Submitted by MontanaMaven on

I asked "why"? and it had something to do with what they wanted to do in the bar. Ranchers liked watching TV and the miners after a long work week wanted to play the Juke Box.
When I lived in New York and did Off Off Broadway theater, we would mostly go to Irish bars after rehearsals. I recently went back and after 30 years Mc Hale's was still there and still looked the same. That was a time when we thought we could save the world through art. ha ha

But yes, this book on saloons painted a much different picture and there is much to be said for not being such a nanny state that we try to police what people do in their leisure time.

As to caffeine, in Italy, coffee places look like bars not like Starbucks. The working guys drive up in their trunks and come in and knock back a couple of espressos standing at the bar.

Submitted by Hugh on

Seems like much of the community of the 99% has been atomized. When people work, play, and live together, they can organize, but if you work in a cubicle and only go to the occasional happy hour and live distances apart, much of that potential for cohesion is lost.

Submitted by MontanaMaven on

"In the saloons life was different. Men talked with great voices, laughed great laughs, and there was an atmosphere of greatness. Here was something more than the common-every-day where nothing happened. Here life was always very live, and, sometimes, even lurid...Terrible [saloons] might be, but then that only meant they were terribly wonderful...In the same way pirates, and shipwrecks, and battles were terrible; and what healthy boy wouldn't give his immortal soul to participate in such affairs?"

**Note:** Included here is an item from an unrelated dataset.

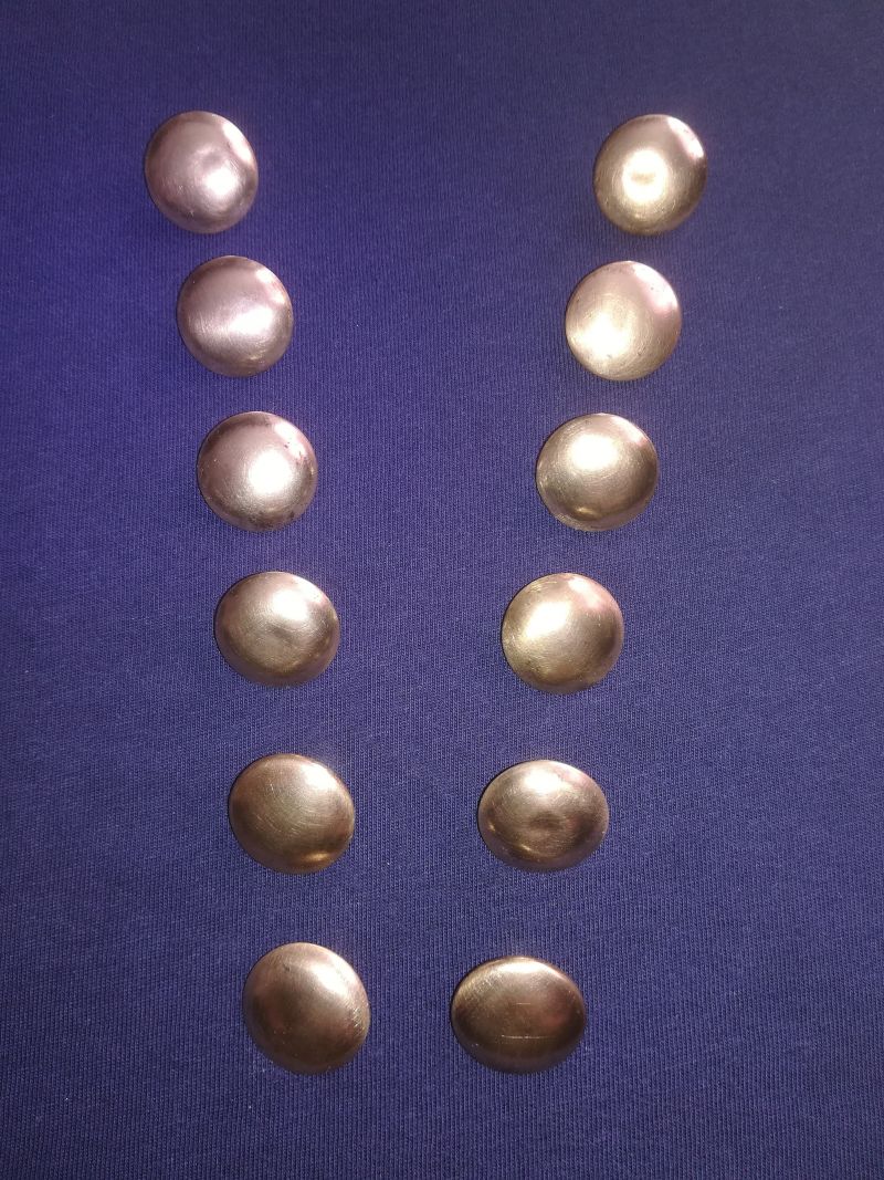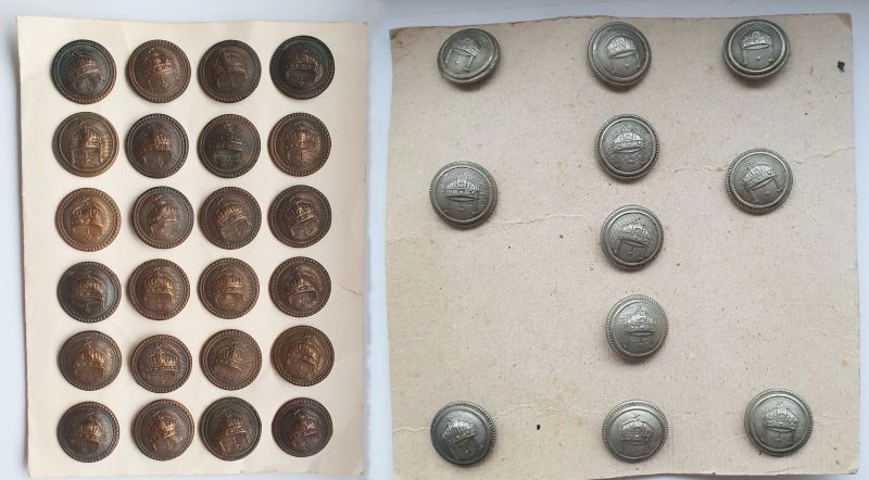 Ez a két gomb-szett a korábban feltöltött monrachiás állományjelzőkkel érkezett. A tiszthelyettesi gombok hátulján felirat: "Tiszthelyettesi gombok Gál Dezső Budapest"

Last night was the annual Yellowstone Boat Float where young people man rubber rafts, fishing boats, makeshift vessels made of oil drums and plastic bottles. It's a three day drinking affair. Every night they land their vessels and drink some more, listen to bands, and get arrested. The town folk come to watch. And sometimes it is dangerous and there is always somebody that gets in trouble on the river or at the parties. Ah Jack London would be in heaven.

Submitted by lambert on

... of daily life is "immanance." I've always thought of parallel structures (e.g. IVCS for *sheds) but it's also interesting to think of structures that exist already, but are not seen for what they are.